We use Verizon for Toll-free services for our clients, we never see the 800 number come in on our dial peers and we receive billing data in the form of delimited text files. The person who used to do our billing is no longer with the company and the software they wrote to chew the files into CSV's disappeared. Is there any off the shelf software out there to deal with Verizon billing data files?
I suppose I could crossreference the CDR database with the numbers that the 800's are bound to to back out the minutes from the data, but I was hoping for a product to help us with this billing.
Thanks,
Ariel
Aparrently the files are
Aparrently the files are delimited by number of characters per field (e.g. caller number - 10 characters from position x(i) to x(ii) in each row in the text file). There is a large design document from Verizon that explains the formatting, that we have. The previous guy wrote a program in C to chew the files (1 file per day) and pick out the columns we needed and dump them to csv that we could then cross reference with the customers. I may just have to rewrite it.
If he was an employee paid to
If he was an employee paid to develop that code, then its your intellectual property. Ask him for the source code. He might just give it up.
It's rather our fault that we
It's rather our fault that we don't have it. We had our previous server die rather spectacularly and I had to rebuild from backups and the SVN repository that I built to keep all the asterisk configs in. The source was in a folder that was not backed up nightly on this server. Bad form for us, but the executable and apparently the source are toast unless I can get the old server to boot up again. It was an old Dell with a PERC 3Di that won't see the containers anymore.

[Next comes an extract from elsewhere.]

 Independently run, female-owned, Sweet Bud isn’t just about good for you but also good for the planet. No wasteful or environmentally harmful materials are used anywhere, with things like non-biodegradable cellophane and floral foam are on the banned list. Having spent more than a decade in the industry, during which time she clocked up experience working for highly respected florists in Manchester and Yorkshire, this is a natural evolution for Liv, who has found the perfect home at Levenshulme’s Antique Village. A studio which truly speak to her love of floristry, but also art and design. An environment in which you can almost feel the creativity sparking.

if its a text file, you could
if its a text file, you could just use bash scripting to do it.. here is the first part of a script that parses voicemail.conf to get username/password etc just using the while and read commands.

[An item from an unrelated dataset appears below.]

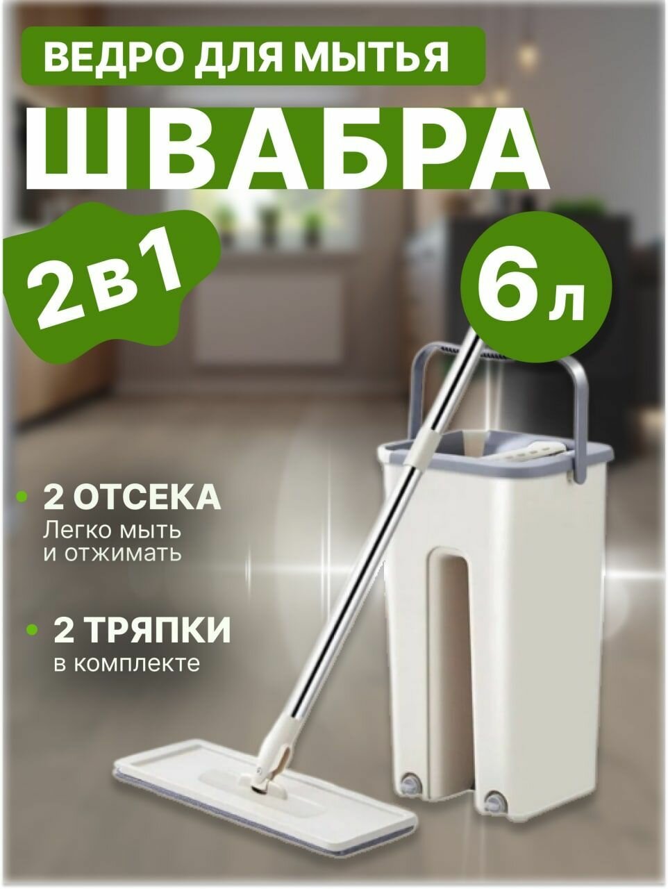 Швабра с ведром для отжима 6 литров интересное:

cat /etc/asterisk/voicemail.conf | grep -e "=>" | (
IFS=,;
while read userpass firstlast email pager options; do
user=$(echo $userpass | cut -d "=" -f 1 | sed s/" "//);
fname=$(echo $firstlast | cut -d " " -f 1);
lname=$(echo $firstlast | cut -d " " -f 2);
A shell script or perl might
A shell script or perl might just be the way to go. I have more experience with shell scripting. Thanks a lot!

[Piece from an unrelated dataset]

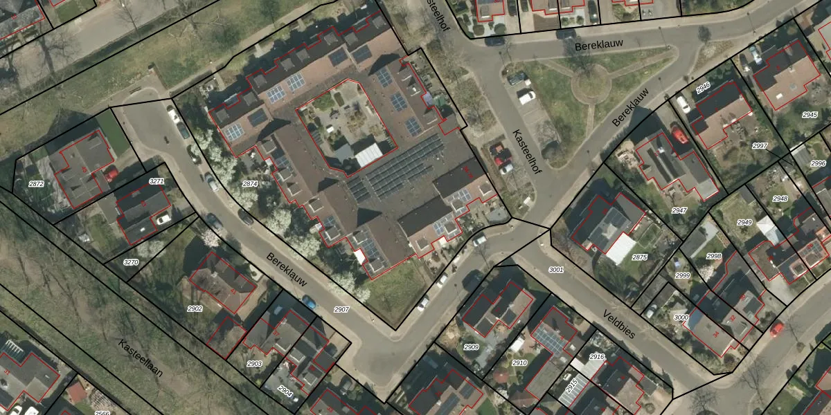 Het perceel waarop Kasteelhof 54 staat heeft een oppervlakte van 3600 m². Dit is een zeer groot perceel. De perceeloppervlakte wordt geregistreerd door het Kadaster. Gedetailleerde informatie over de maten van dit perceel kunt u vinden in het rapport Kadastrale kaart met maatvoering van Kasteelhof 54.

how is it formatted? I suppose as long as source and destination #'s are there you could reformat it with a script into something that looks like asterisk Master.csv. You could fudge the fields the billing software isnt concerned with. Theres a lot of packages that would read asterisk CSV files for billing.
Is verizon not sending you the DNIS when they send the call? or is it that you lack a gateway box and so the only CDR you have is the end-point re-written destination?